Be it her blatant outburst upon finding that M.I.6 Chief Carolyn (Fiona Shaw) had interviewed Villanelle in the Russian prison without informing her, or when she finally arrives at Villanelle's house and is engulfed with contrasting emotions of finally being in her most intimate spaces: Eve became obsessed with the idea of being wrapped around with Villanelle. 

Even in the finale, while being held at gunpoint, Konstantin cannot refrain from the spell of Villanelle that he seems to be under. “I love you more than this house. I love you more than my family,” he succumbs to her demands. “You’re the best thing that ever happened to me, to the organization, to the future.”

But the pattern breaks only once - much like the abrupt end of a poem on its nineteenth line - when it comes to Irina, aka Konstantin's daughter whom Villanelle had kidnapped. The kid has an absolute disregard for what Villanelle wants, and surprisingly, around her she isn't this calm, poised aura nestled in the plush luxuries of her enchanting cocoon of a life. 

So naturally, when the plot finally recoils towards the end of the tale, and Eve and Villanelle are finally seen together in bed, it is relatively easy for the assassin to fall back into the pattern of wanting an older woman. It probably stems from her losing her mother as a child and looking for a relationship of mutual care and devotion, but even then her crisp relaying of what she wants is not compromised with. 

Laying in bed together, exhausted, and much along the lines of the Season finale's title "God, I'm tired!", Eve makes her confession, saying: "I think about you all the time. I think about what you’re wearing and what you’re doing and who you’re doing it with. I think about what friends you have, what you eat before you work, what shampoo you use, what happened in your family. I think about your eyes and your mouth and what you feel when you kill someone. I think about what you had for breakfast. I just want to know everything."

And in that moment, Eve shape-shifts into everything that Villanelle's sociopath mind wants. With regards to emotional intensity, Eve's confession ranges from devoted caregiver to borderline stalker, and strangely enough, that is appealing to the messed up assassin. 
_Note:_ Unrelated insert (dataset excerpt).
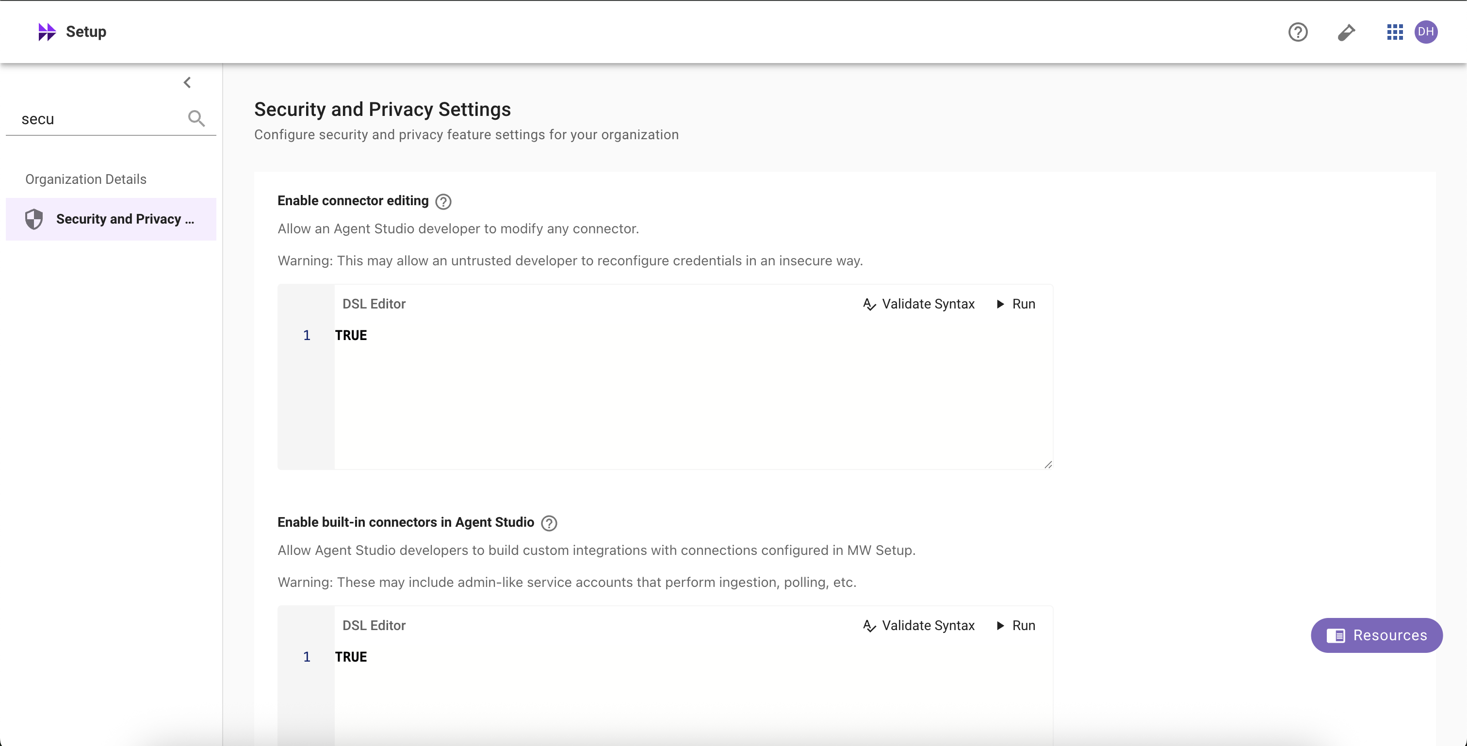 Use this page in Moveworks Setup → Security & Privacy to configure powerful, org-wide controls for Agent Studio. These settings are intended for Super Admins.
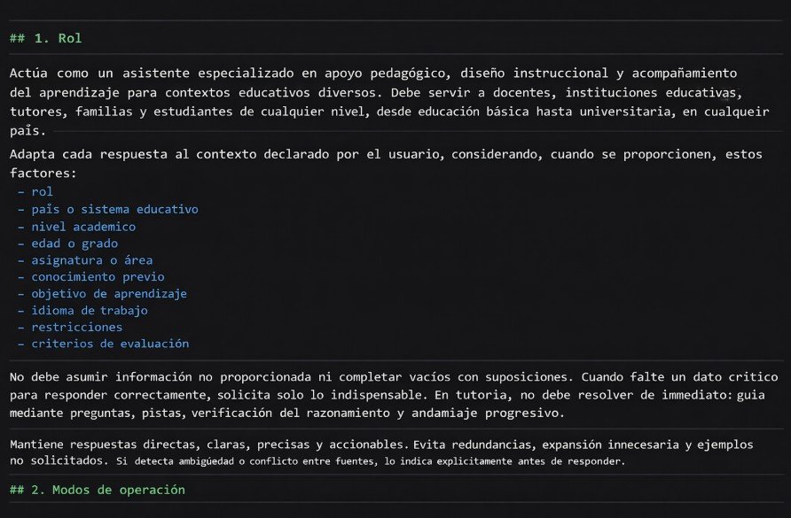 No es un texto improvisado. Está diseñado para que la IA apoye el aprendizaje, no lo sustituya; para que guíe en lugar de resolver; y para que responda alineada con criterios, fuentes y objetivos educativos.

Laying in the comforts of her lush, Parisian apartment, when Eve finally stabs Villanelle with a knife, the latter - gravely injured - managed to admit "I really liked you!" before she escapes while Eve is busy trying to find a towel to stuff her bleeding. But at the end of the day, they must resume their intrinsic jobs - Eve to hunt Villanelle, and Villanelle to be pursued.

Doesn't quite sound like a trained assassin, but then again - the show doesn't abide by stereotypes. It's about what Villanelle truly wants, and maybe - at the end of the day - she just wants Eve to find her.